NGC 4452 was first seen by William Herschel in 1784 with his 47 cm telescope in England. He described the object as a bright nebula, small and very much elongated. The new Hubble image shows just how elongated this unusual object really is.

Galaxies are like star cities, and typically contain many billions of stars. The American astronomer Edwin Hubble, after whom the Hubble Space Telescope is named, was the first person to prove that there are other galaxies beyond our own by measuring their distances. This work, done in the 1920s, forever changed our view of the Universe.

Galaxies also belong to collections that are called galaxy clusters. NGC 4452 is part of the Virgo Cluster, so-called because many of its members appear in the constellation of Virgo (the Maiden). This enormous grouping is approximately 60 million light-years distant and contains around 2000 galaxies.

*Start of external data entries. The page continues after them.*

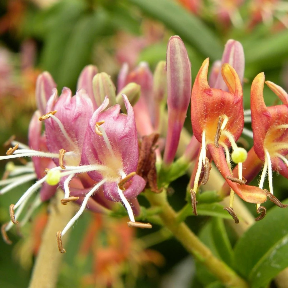 cette espèce de chèvrefeuille est considéré à juste titre par beaucoup comme plante de collectionneur. On met souvent à profit ce lonicera pour son feuillage persistant. ses feuilles lancéolées, lisses et brillantes, sont de couleur verte. Ses fleurs rose saumon se groupent aux extrémités des pousses.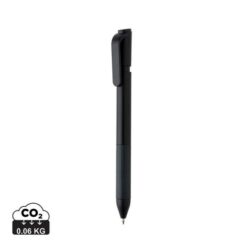 Długopis przekręcany, wykonany z ABS z recyklingu z certyfikatem GRS, całkowita zawartość materiałów z recyklingu obliczona na podstawie wagi całkowitej przedmiotu: 67%, niemiecki wkład Dokumental® w kolorze niebieskim w komplecie, długość pisania ok. 1200 m, kulka TC zapewnia wygodne pisanie, ślad węglowy produktu: 0,06 kg CO2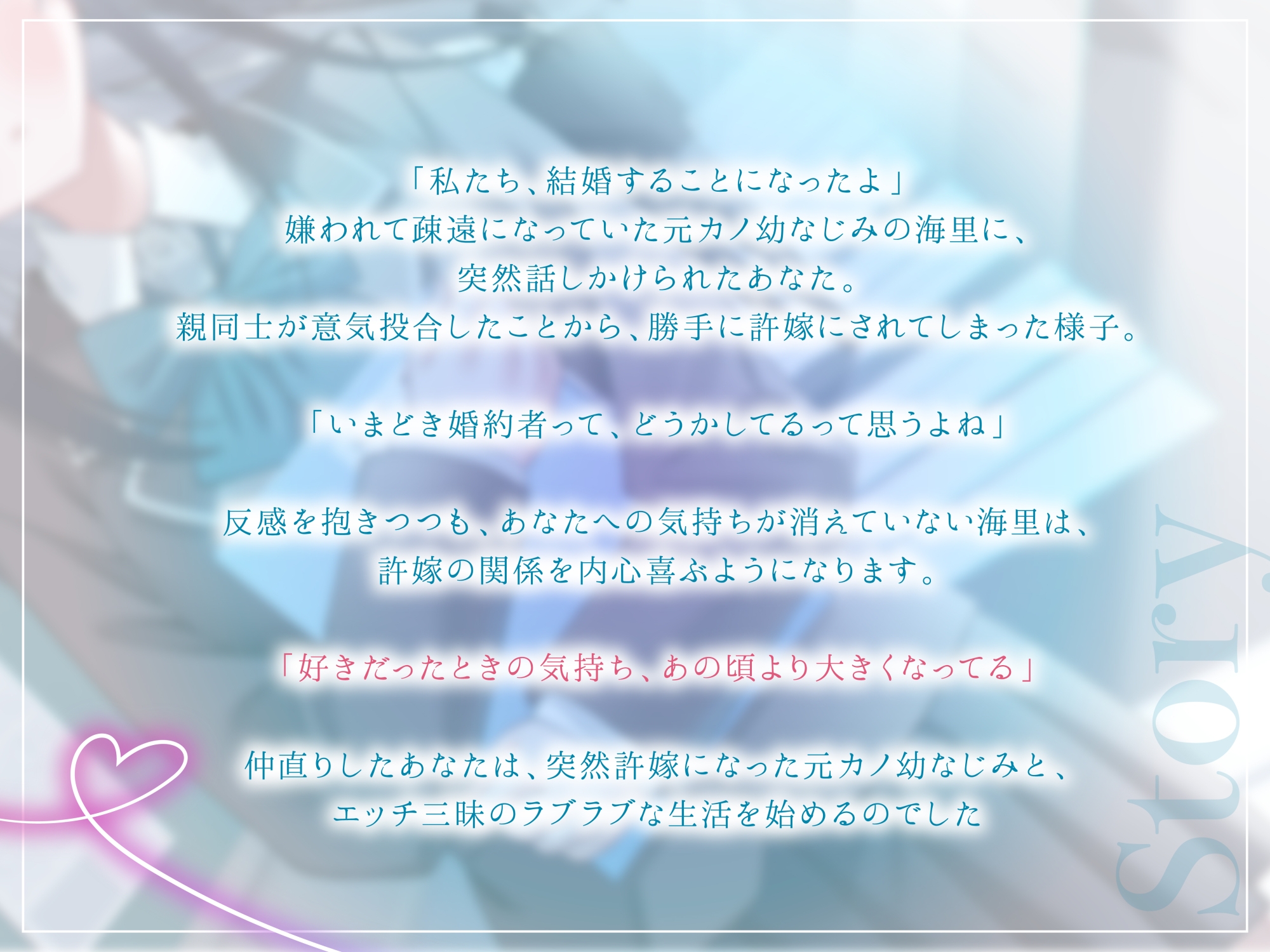 突然許嫁になった元カノとの日常や濃厚エッチを、御崎ひより様のボイスで楽しむことができます。

It is thought that the Local Group of galaxies, to which our own Milky Way belongs, is on the fringes of the Virgo Cluster, and at some point in the far future the Local Group may be pulled slowly into the Virgo Cluster by the force of gravity. Large numbers of much more remote, faint galaxies, far beyond NGC 4452 and the Virgo Cluster, appear in the background of this image.

This picture of NGC 4452 was created from images taken using the Wide Field Channel on Hubble's Advanced Camera for Surveys. This picture was made from images through blue (F475W, colored blue) and near-infrared (F850LP, colored red) filters. The exposures times were 750 s and 1210 s respectively. The field of view extends over 2.6 arcminutes.